À voir. "On sait bien tous que, même si Marine Le Pen se qualifie pour le second tour, l'après-2022 va être très compliqué", soupire un cadre du RN.

À l'appui de sa démonstration, le nombre de militants, en berne depuis plusieurs années, un parti dans le rouge (plus de 20 millions d'euros de dettes d'après Le Figaro) et des élections régionales et départementales catastrophiques, pourtant essentielles pour développer l'appareil du parti.

"Aujourd'hui, seuls 0,8% des conseillers municipaux sont au RN et le parti a perdu 44% de ses conseillers régionaux lors des dernières élections. Les militants, s'ils veulent espérer être élus doivent trouver une échappatoire", estime l'historien Nicolas Lebourg, spécialiste de l'extrême-droite, après de BFMTV.com.

"Le pari qu'on fait, c'est la reconstruction de la droite"

En face, le tableau est tout autre. Reconquête! revendique 85.000 adhésions - "Même au sommet de sa gloire et de sa dynamique le Front national n'a jamais réuni 90.000 adhérents", commente Marion Maréchal dans Le Figaro. Et malgré ses fondations, tout est à construire autour d'Éric Zemmour, notamment la structuration du mouvement qui passe par la création de postes de cadres.

Jérôme Rivière, placardisé au RN, est ainsi devenu le vice-président du parti, Gilbert Collard président d'honneur. Damien Rieu, lui, devrait suivre de très près la communication du candidat. Avec en ligne de mire l'après-présidentielle.

En meeting samedi dernier, le polémiste n'a d'ailleurs quasiment pas parlé de sa course à l'Élysée. "L'union des droites, c'est une immense aventure collective qui commence. C'est la plus grande recomposition politique des quarante dernières années", a-t-il assuré à la tribune. Parmi ses fidèles, on ne fait plus vraiment semblant.

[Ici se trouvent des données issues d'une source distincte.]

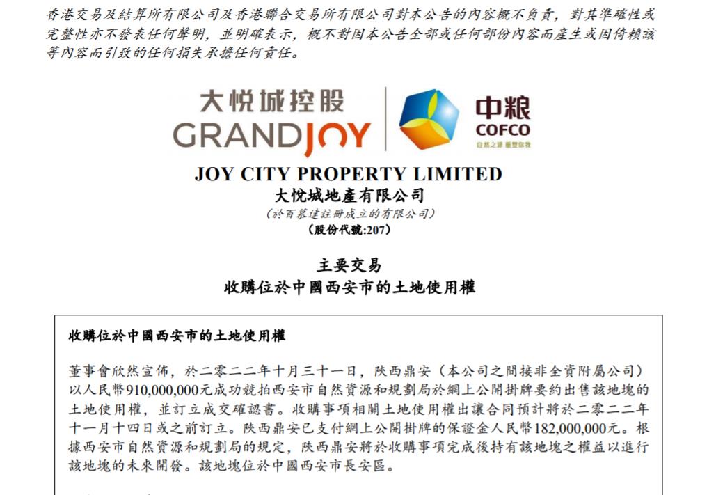 公告称,于2022年10月31日,陕西鼎安置业有限公司(下文简称“陕西鼎安”)以9.1亿元成功竞拍西安市自然资源和规划局于网上公开挂牌要约出售该地块的土地使用权,并订立成交确认书。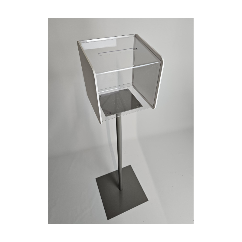 Cette urne de vote avec son pied peut être utilisée directement posée au sol, transparente avec 2 joues blanches sur les cotés elle est idéale pour vos animations commerciales, jeux concours, tombola, questionnaire clients, élections.

"Le pari qu'on fait, c'est la reconstruction de la droite. On a une vision sur le long terme", explique ainsi Stanislas Rigault, le président de Génération Z à BFMTV.com.

Voir loin

Comprendre : faire rentrer des députés à l'Assemblée en juin prochain puis partir à la conquête d'élections locales. Jérôme Rivière rappelle opportunément le scénario qui s'est réalisé dans les années 1980 sur les terres cannoises - là où Eric Zemmour tenait son meeting samedi dernier.

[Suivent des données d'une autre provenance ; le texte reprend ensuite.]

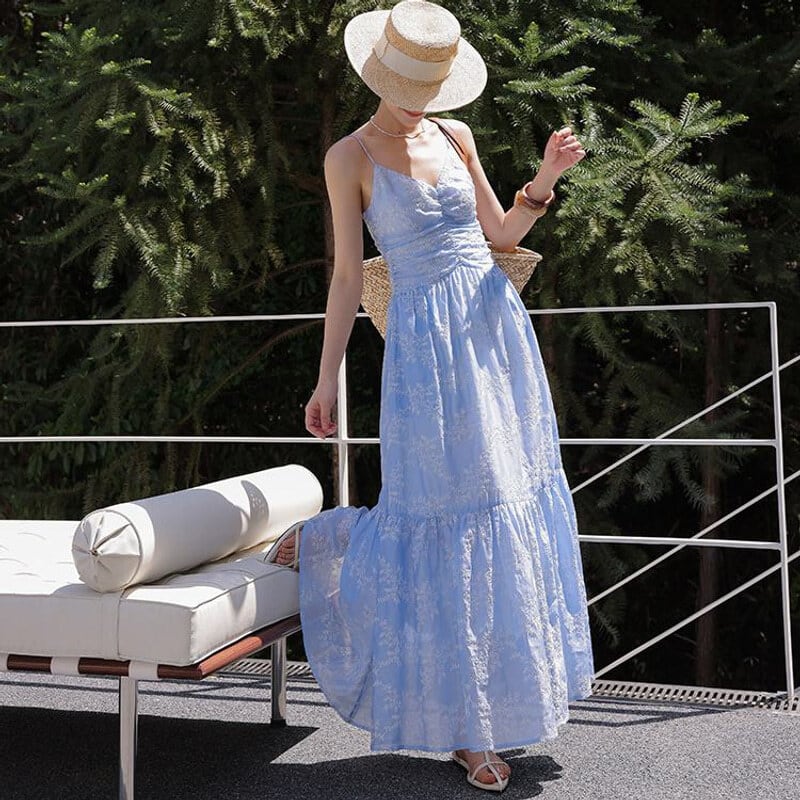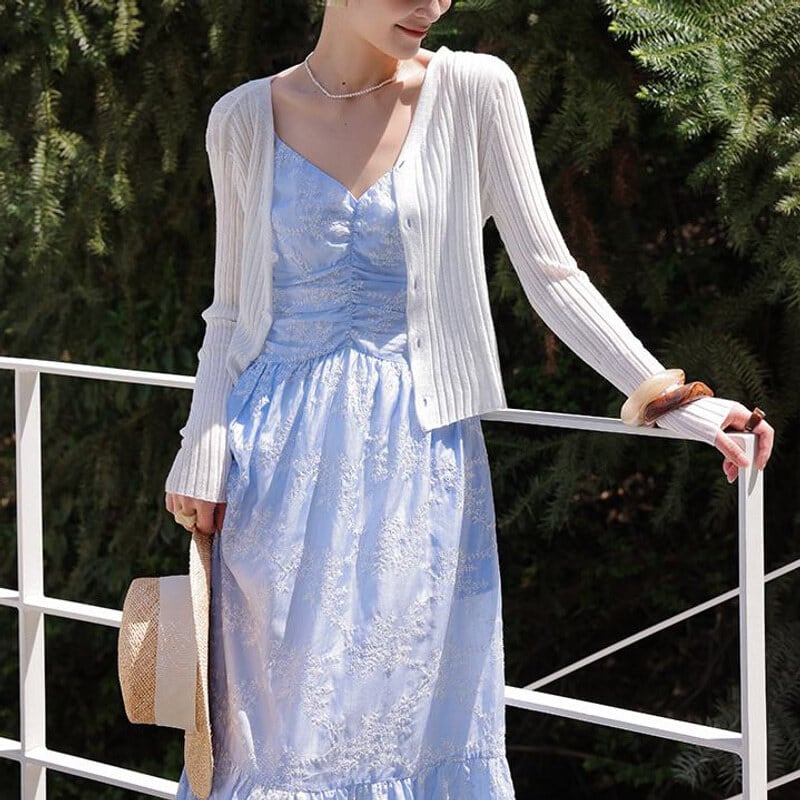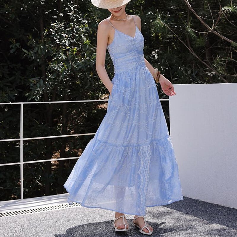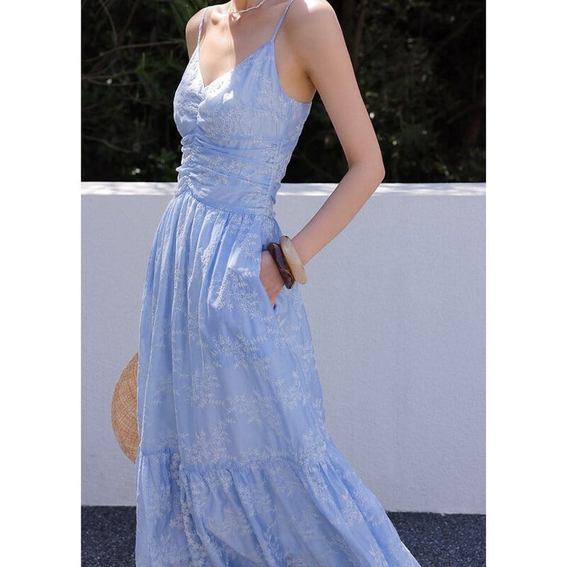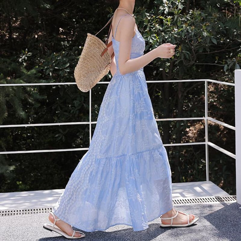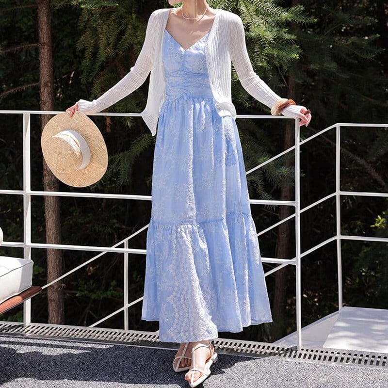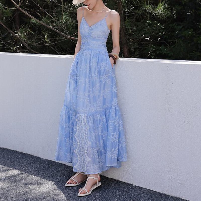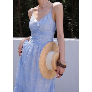 Flower embroidery cami dress M758

"Le lieu est symbolique pour l'union des droites. Jean-Claude Gaudin, aux élections régionales (le futur maire de Marseille était élu sous les couleurs du RPR), a accepté les voix du FN et deux ans plus tard, Yann Piat est la seule députée du FN qui a réélue grâce à un accord entre l'UDF et le RPR", explique le député européen à Libération.

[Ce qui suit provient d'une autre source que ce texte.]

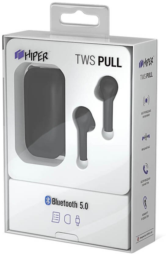 Наушники Hiper TWS PULL Bluetooth 5.0 гарнитура Li-Pol 2x40mAh+400mAh, черный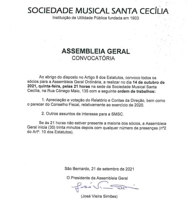 Ao abrigo do disposto no Artigo 8 dos Estatutos, convocam-se todos os sócios para a Assembleia Geral Ordinária, a realizar no dia 14 de outubro de 2021, quinta-feira, pelas 21 horas na sede da Sociedade Musical Santa Cecília.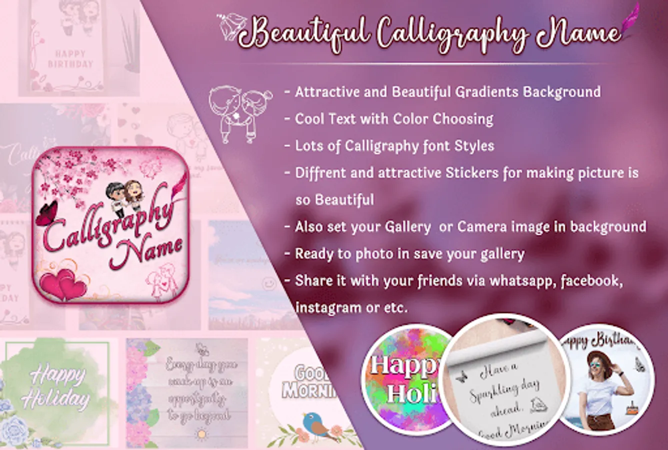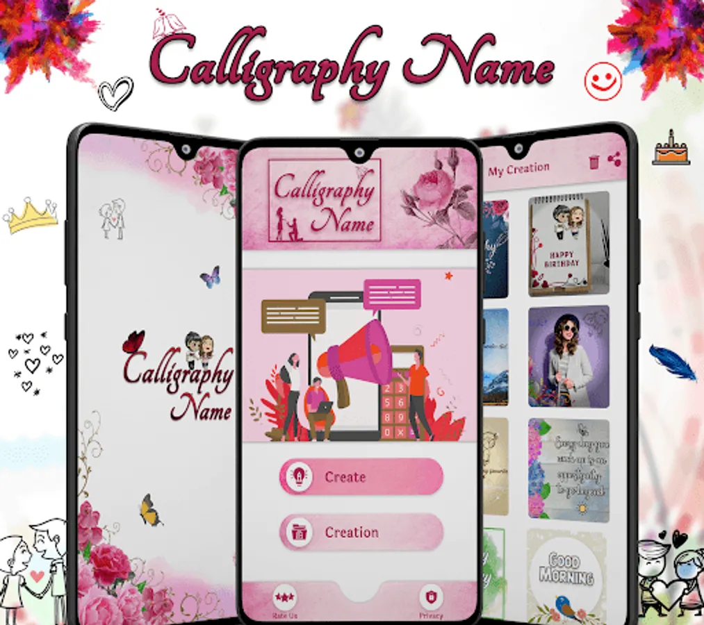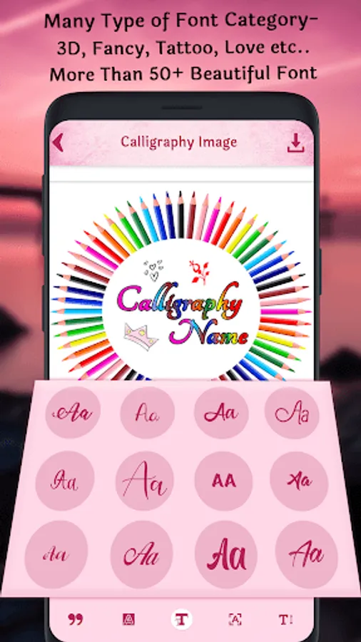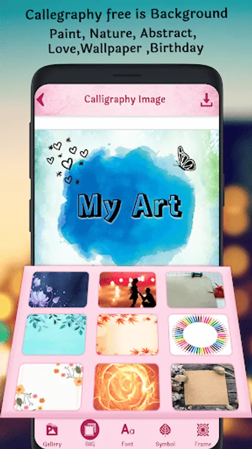 Write Calligraphy name using this application. Calligraphy Name app provides 500+ calligraphy font style to write your name on different background and gradients.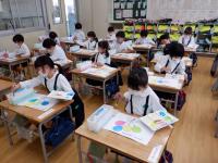 ②図工の学習では、4つの風船に好きな色を塗りました。はみ出さないように慎重に塗っている姿が見られました。絵具の準備や片付けも上手になってきました。来週から、読書感想画の学習が始まります。「てぶくろ」というお話を聞いて、大きな画用紙に絵を描いていきます。
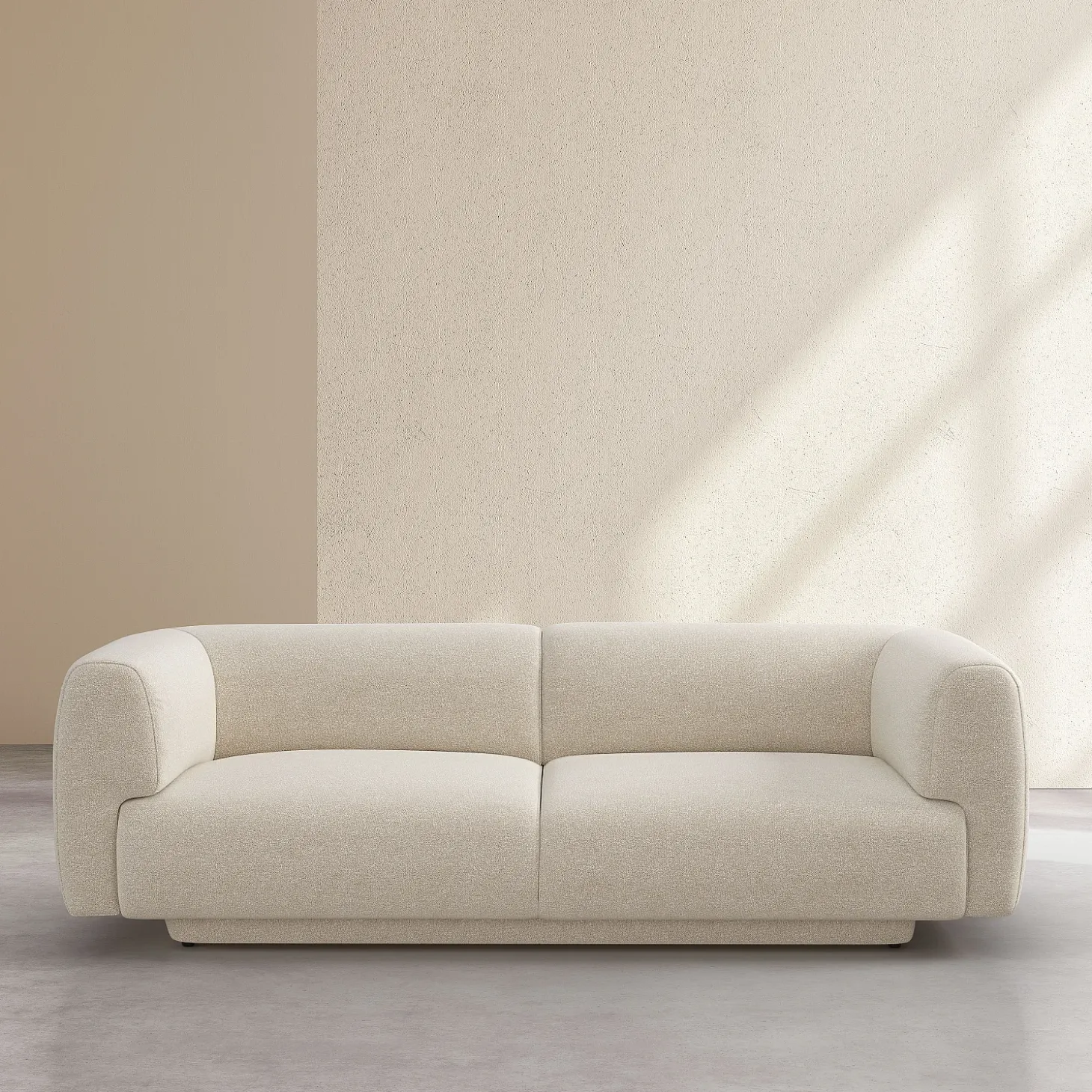 Le canapé 3 places Austin en tissu texturé beige vanille est idéalement pensé pour créer un espace propice au bien-être dans une atmosphère chaleureuse. Son revêtement travaillé donne du relief à sa teinte discrète et apaisante.

"Il y a une maison à construire, des élections à gagner", estime encore Nicolas Lebourg. "Même si Marine Le Pen se qualifie au second tour et fait un score honorable, elle aura déjà tenté sa chance trois fois. Et personne ne voit Éric Zemmour s'intéresser à la vie de son parti pendant 5 ans." Offrant ainsi un boulevard aux ambitieux.